The E. coli XylR structure combines two domains previously not found in the same protein, an N-terminal d-xylose-binding domain that is homologous to those of the LacI/GalR family and a C-terminal DNA-binding domain with an AraC-like DNA-binding fold. Thus, the XylR structure defines a new family of DNA-binding proteins. BLAST searches, which revealed >100 proteins with strong sequence homology to E. coli XylR, suggest that this ‘XylR family’, which consists of an N-terminal effector binding domain with a PBP fold connected to an AraC-like DNA-binding domain, is wide spread in Gram-negative bacteria. The Caulobacter crescentus XylR protein, however, represents an exception.
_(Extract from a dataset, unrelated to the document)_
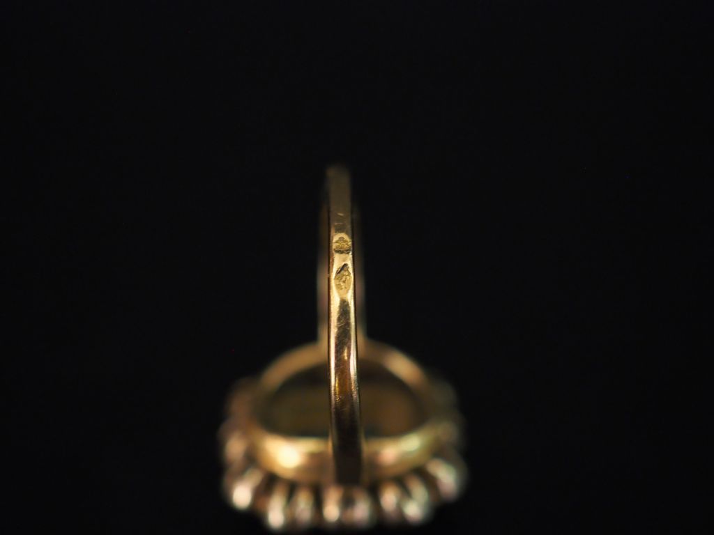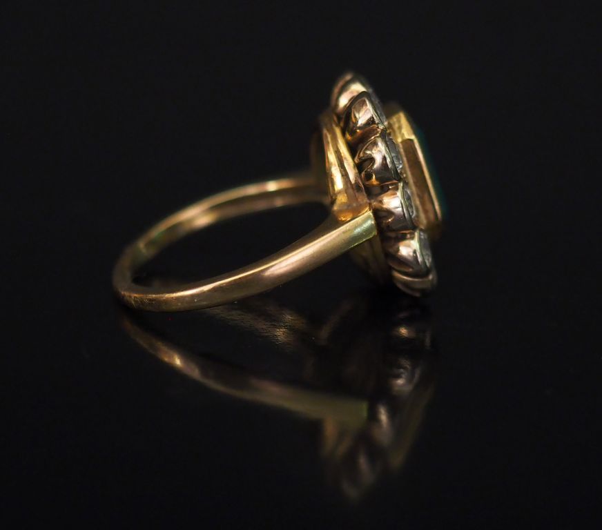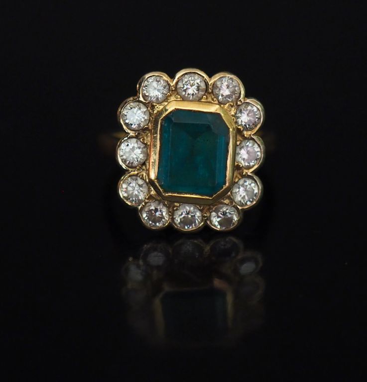 Bague de forme marguerite en or jaune, sertie en son centre d'une émeraude (Colombie ?) entourée de douze petits diamants. TDD. 54 Poids tel. 7,61 g (petits éclats à la pierre)

Recent sequence homology analyses predict that this protein is a bone fide member of the LacI/GalR proteins, with an N-terminal HTH domain followed by a hinge helix and C-terminal PBP-like domain (34). These findings suggest a possible role in domain swapping during the evolution of XylR proteins. Like LacI/GalR and periplasmic-binding proteins, the N-terminal region of XylR is composed of two α−β subdomains (herein called subdomains 1 and 2), which are connected by short crossover regions that, in the PBPs and LacI proteins, permit rotation between subdomains (Figure 1A). This subdomain movement allows the protein to trap a ligand once it has entered the binding cavity. The resulting subdomain movement can be transmitted to attached regions to elicit other effects, such as conformational changes or folding of attached domains.

XylR contains a periplasmic binding fold used in antiparallel dimerization

Examination of the packing of the XylR crystal structures suggests that, like the LacI/GalR proteins, XylR dimerizes via its PBP-like domain (Figure 1C and D). The XylR dimer interface buries an extensive 2960 Å2 of protein surface from solvent. Size exclusion chromatography experiments revealed molecular weights consistent with a XylR dimer (Supplementary Figure S2). Like LacI/GalR proteins, the dimerization interface of XylR is formed primarily by interactions between the PBP domains. However, in sharp contrast to the LacI/GalR proteins, which dimerize via parallel interactions between PBP regions, the XylR PBP domains interact in an antiparallel fashion. Also distinct from LacI/GalR oligomers, the PBP folds of XylR also make extensive interactions with the C-terminal DNA-binding domain of the other subunit in the XylR dimer (Figure 1C and D). These contacts are made between the DNA-binding domain and subdomain 1 from the other subunit.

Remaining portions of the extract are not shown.